Friday, January 21, 2005

Memory

I read Lileks sometimes, and I get jealous. His daughter is about the same age as mine, but his seems to be much more intellectually curious about the world, almost superhumanly smart. Maybe it's just the way he writes her.

What The Girl is good at is memorization. We'll be driving along and she'll start busting out with commercial copy and promos. "Dragontales is brought to you by a grant from the Ford Foundation and by Viewers Like You. Thank you!"

One night, she was asking to do something (I forget what). The Wife said it was too close to bedtime; maybe tomorrow. "Tomorrow?" The Girl asked, horrified.

At which point, Macbeth leapt into my head. "Tomorrow and tomorrow and tomorrow creeps in its petty pace from day to day..." I said.

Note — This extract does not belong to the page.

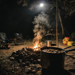 - Camping, drinking moerkoffie and eating bokvleis
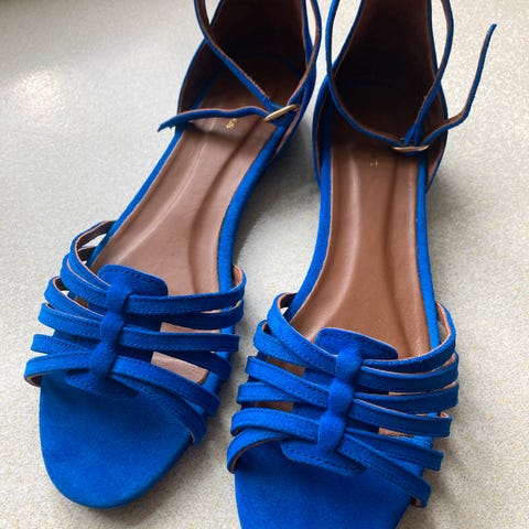 Sort kalveskinds sandal, størrelse 39. Sandalerne har et elegant design med krydsede remme og en lav hæl. De er desværre købt en størrelse for stor.

And without missing a beat, The Girl says, "And all our yesterdays have lighted fools..." and trails off. I started freaking out, because although my grasp of the soliloquy is weak, that sounded really familiar. So I looked it up online, and sure enough, that line comes just a little later in the speech. I tell my wife, and we're racking our brains trying to figure out where she heard this, because they sure don't quote Shakespeare on Dora the Explorer or Ed, Edd and Eddy.

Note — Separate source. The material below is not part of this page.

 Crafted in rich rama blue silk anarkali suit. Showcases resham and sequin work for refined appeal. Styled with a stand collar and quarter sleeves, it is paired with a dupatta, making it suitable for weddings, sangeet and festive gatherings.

Finally, The Wife figures it out. In the Disney movie Oliver & Co., one of the dogs, Francis the bulldog, who fancies himself an actor, is watching Macbeth on a television set. There's a small cut of the soliloquy, with characters speaking over the actor (which explains the gaps in the words she knows). It's throwaway background action, but she memorized it just the same. Scary, scary sponge-mind, she has.